What Gets Configured Where

Before we start, understand what's controlled where:

OLLAMA CONTROLS (via Modelfile):
  - Context window size (num_ctx)
  - Model parameters (temperature, etc.)
  - Which base model to use

CLAUDE CODE CONTROLS (env vars or settings.json):
  - Where to send requests (Ollama server URL)
  - Which model to use (your configured model name)
  - Timeouts and permissions
  - Claude Code behavior

You CANNOT set context window in Claude Code config. That's baked into your Ollama model. If you skipped creating a Modelfile in chapter 3, go back and do it now.

Two Configuration Methods

We recommend setting up BOTH for reliability:

Environment variables in ~/.zshrc (takes priority)
Settings file at ~/.claude/settings.json (backup)

If both exist, environment variables win.
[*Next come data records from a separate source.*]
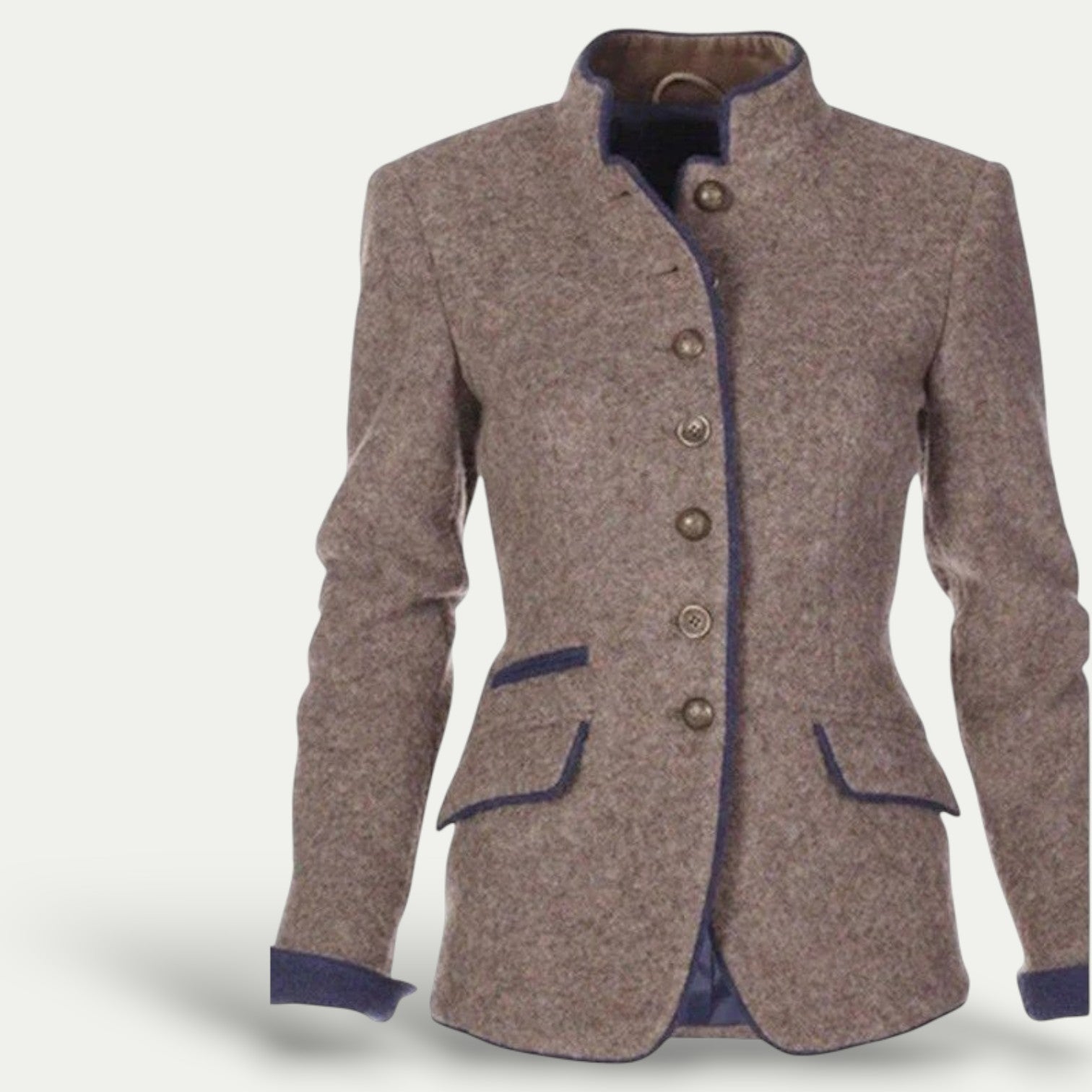 Elevate Your Wardrobe: Discover the perfect blend of structure and ease with our tailored short blazer. Its sharp stand collar and precise seam work offer a flattering, fitted profile, making it an essential piece for the modern woman.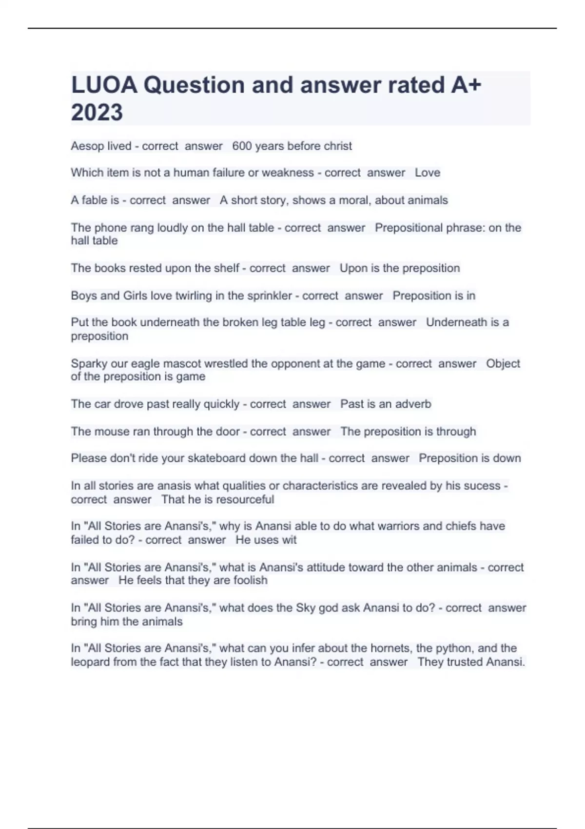 PACKAGE DEAL OF LUO ACTUAL QUESTIONS WITH COMPLETE SOLUTION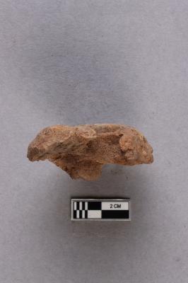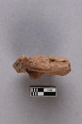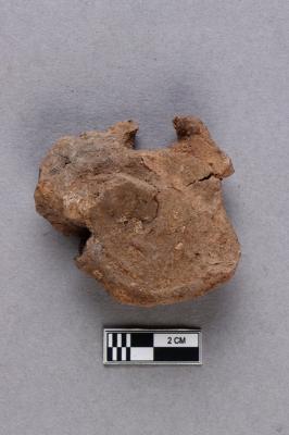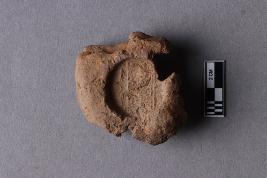 | Description / विवरण | Broken clay lump with a circular incuse bearing a worn-out two-line legend and the chakra and deer motif above the legend. The knob at the back appears to be broken. |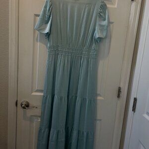 Quince Wm's Washable Mulberry Stretch Silk Tiered Dress in Blue Sz Medium #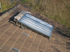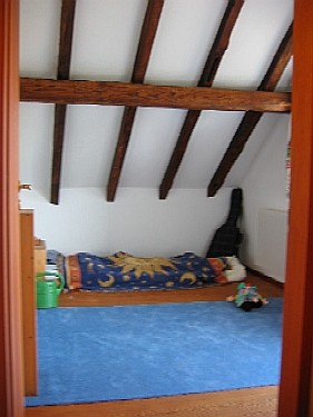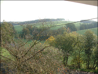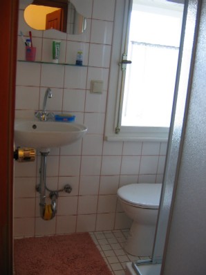 So sieht es aus: das kleine Tal. Direkt vor dem Haus beginnen viele herrliche Wandewege, Jogging-Strecken, Rad- und Reitwege...... Von hier oben kann man sich auch gut den Solar-Kollektor ansehen: Ein sehr energieeffiziente Anlage, die uns viel Geld gespart hat. Im Winter wird das Wasser gut vorgewärmt und so Energie gespart. Ab April/Mai wird das Warn-Wasser für das Haus komplett durch die Vakuum-Röhren erhitzt. Doch bevor wir das Gästezimmer wieder verlassen wollen wir es uns ansehen. Das besondere an diesem Raum ist sein eigener Zugang aus dem Treppenhaus und sein kleines Badezimmer mit Dusche und WC: Doch nun : zurück in den Hof.
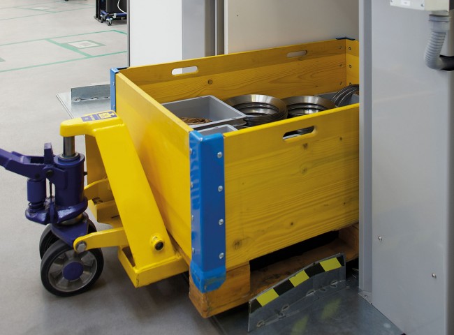 L’opérateur peut introduire lespalettes chargées et les caisses-palettes dans la tour à l’aide d’un chariot élévateur. Le transpalette ou le gerbeur peut également entrer dans le stockeur !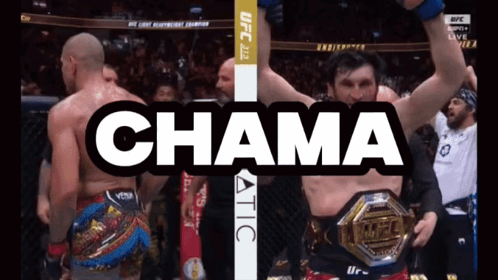 Alex Pereira celebrates with his championship belt after a UFC 313 fight, with Magomed Ankalaev nearby. 'CHAMA!'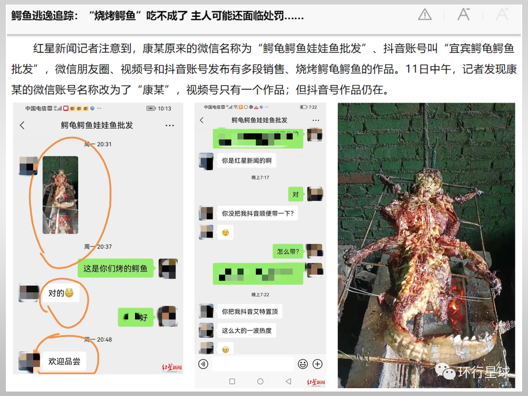 当事人康某微信名称叫“鳄龟鳄鱼娃娃鱼批发”,发布的朋友圈动态多与烧烤鳄鱼有关。但事发后,康某称自己没有饲养鳄鱼,也没有资质,其是从有资质的养殖场买鳄鱼进行中转销售,或卖到餐饮店做食材,鳄鱼池只是临时中转。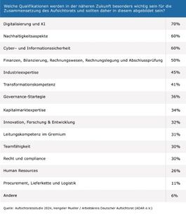 Aktuelle Governance-Analysen zeigen eindeutig, wie sich die Anforderungen an Aufsichtsräte verschieben. Die jüngste Aufsichtsratsstudie 2024 von Hengeler Mueller und dem Arbeitskreis Deutscher Aufsichtsrat (AdAR) unterstreicht, welche Kompetenzen in den kommenden Jahren besonders gefragt sein werden: Digitalisierung und KI dominieren mit großem Abstand, gefolgt von Nachhaltigkeit, Cyber- und Informationssicherheit sowie fundierter Finanz- und Prüfungskompetenz. Das Kompetenzprofil wird damit breiter, technischer und strategischer zugleich. Die Grafik macht sichtbar, wie stark Zukunftsfelder das Anforderungsgefüge bereits heute prägen. Die Kompetenz der Zukunft wird damit nicht länger als reine Fachlichkeit verstanden – sondern als Fähigkeit, aus komplexen technologischen und gesellschaftlichen Entwicklungen unabhängige, verantwortungsvolle Entscheidungen abzuleiten. Urteilskraft als Profession.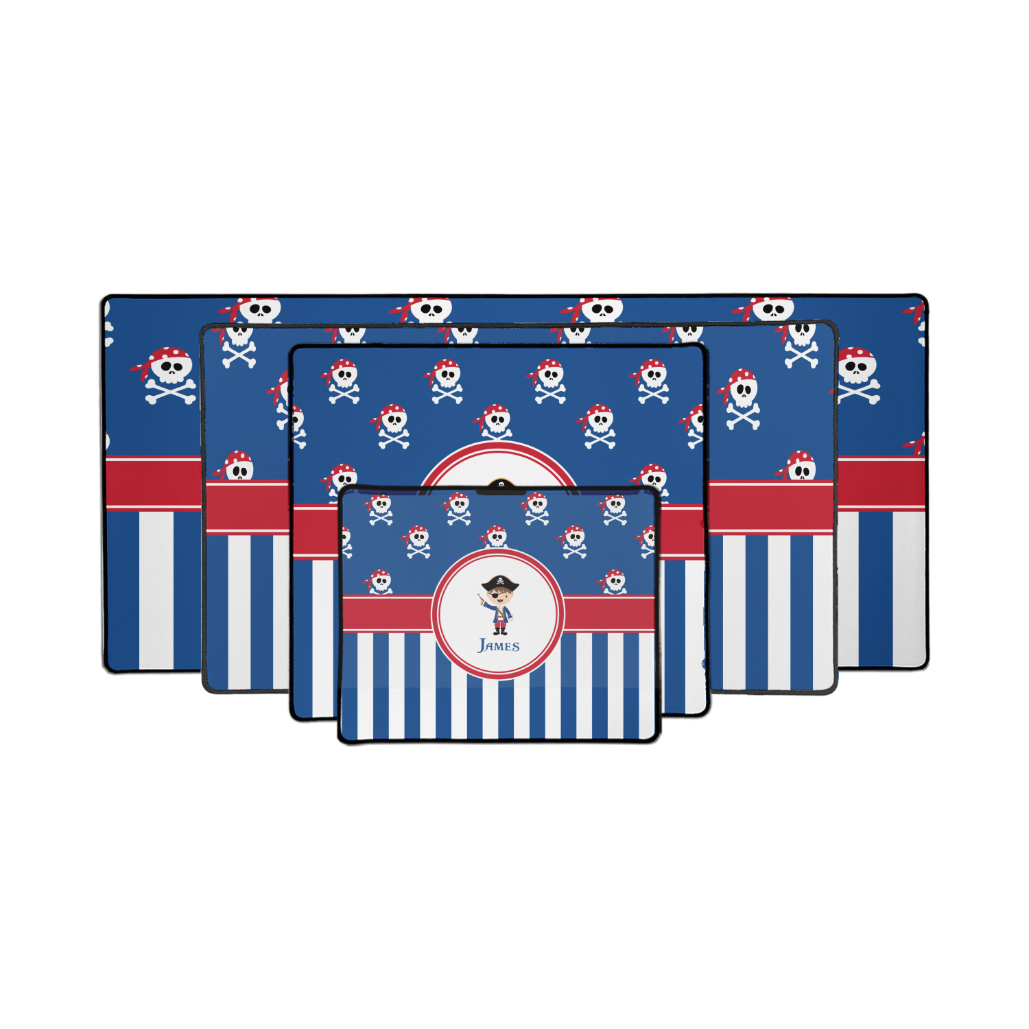 A wide band of red, trimmed in white highlight the pirate boy in the circle label. Add your personalization in the label to complete the look.

Method 1: Environment Variables

Add these to your ~/.zshrc:

# Claude Code + Local Ollama
export ANTHROPIC_BASE_URL="http://10.0.0.79:11434"
export ANTHROPIC_AUTH_TOKEN="ollama"
export ANTHROPIC_MODEL="qwen3-coder-32k"
export ANTHROPIC_SMALL_FAST_MODEL="qwen3-coder-32k"
export CLAUDE_CODE_DISABLE_NONESSENTIAL_TRAFFIC="1"
export API_TIMEOUT_MS="600000"

Then reload:

source ~/.zshrc

Method 2: Settings File

Create ~/.claude/settings.json:

mkdir -p ~/.claude
nano ~/.claude/settings.json

Paste this configuration:

{
  "env": {
    "ANTHROPIC_BASE_URL": "http://10.0.0.79:11434",
    "ANTHROPIC_AUTH_TOKEN": "ollama",
    "ANTHROPIC_MODEL": "qwen3-coder-32k",
    "ANTHROPIC_SMALL_FAST_MODEL": "qwen3-coder-32k",
    "CLAUDE_CODE_DISABLE_NONESSENTIAL_TRAFFIC": "1",
    "API_TIMEOUT_MS": "600000"
  }
}

Save and exit (Ctrl+O, Enter, Ctrl+X in nano).

Customize For Your Setup

1. Replace the IP address:

Change 10.0.0.79 to YOUR Ollama server's IP.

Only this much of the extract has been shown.